» Prompt: Without the pictures, repeat all of the data exactly as it appears below.

» Input data:
'''
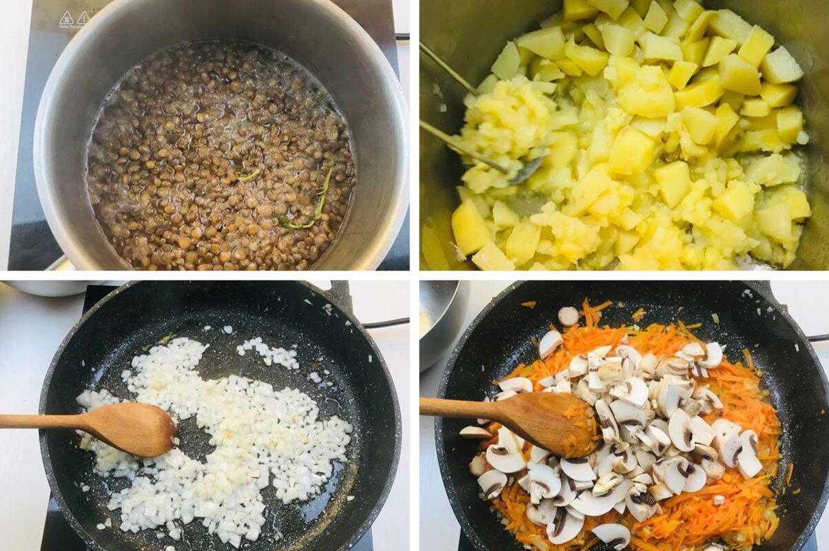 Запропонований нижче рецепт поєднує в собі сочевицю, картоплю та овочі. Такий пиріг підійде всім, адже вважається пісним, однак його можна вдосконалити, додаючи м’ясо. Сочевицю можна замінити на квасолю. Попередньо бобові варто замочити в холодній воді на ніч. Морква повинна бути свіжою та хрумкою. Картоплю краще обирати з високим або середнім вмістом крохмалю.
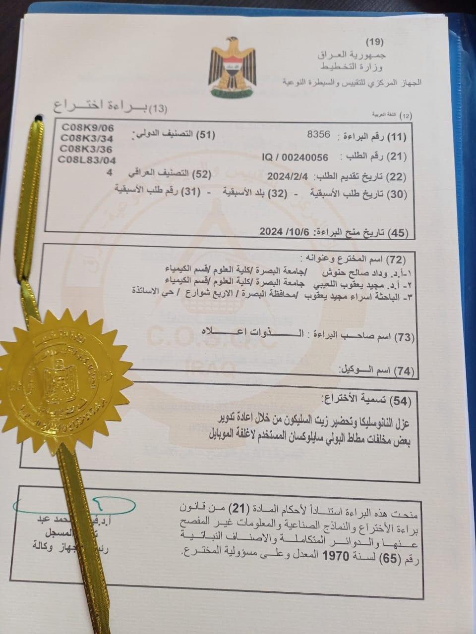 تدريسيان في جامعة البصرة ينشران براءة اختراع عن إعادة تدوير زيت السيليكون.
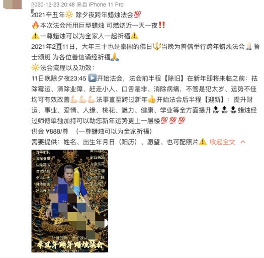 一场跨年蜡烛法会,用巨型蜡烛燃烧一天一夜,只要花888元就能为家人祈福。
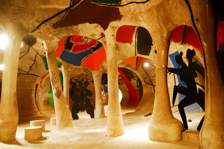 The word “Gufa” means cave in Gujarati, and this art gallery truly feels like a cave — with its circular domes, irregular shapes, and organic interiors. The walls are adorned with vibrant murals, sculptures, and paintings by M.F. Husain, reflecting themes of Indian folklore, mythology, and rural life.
'''
» Reply to the exercise:
 Запропонований нижче рецепт поєднує в собі сочевицю, картоплю та овочі. Такий пиріг підійде всім, адже вважається пісним, однак його можна вдосконалити, додаючи м’ясо. Сочевицю можна замінити на квасолю. Попередньо бобові варто замочити в холодній воді на ніч. Морква повинна бути свіжою та хрумкою. Картоплю краще обирати з високим або середнім вмістом крохмалю.
 تدريسيان في جامعة البصرة ينشران براءة اختراع عن إعادة تدوير زيت السيليكون.
 一场跨年蜡烛法会,用巨型蜡烛燃烧一天一夜,只要花888元就能为家人祈福。
 The word “Gufa” means cave in Gujarati, and this art gallery truly feels like a cave — with its circular domes, irregular shapes, and organic interiors. The walls are adorned with vibrant murals, sculptures, and paintings by M.F. Husain, reflecting themes of Indian folklore, mythology, and rural life.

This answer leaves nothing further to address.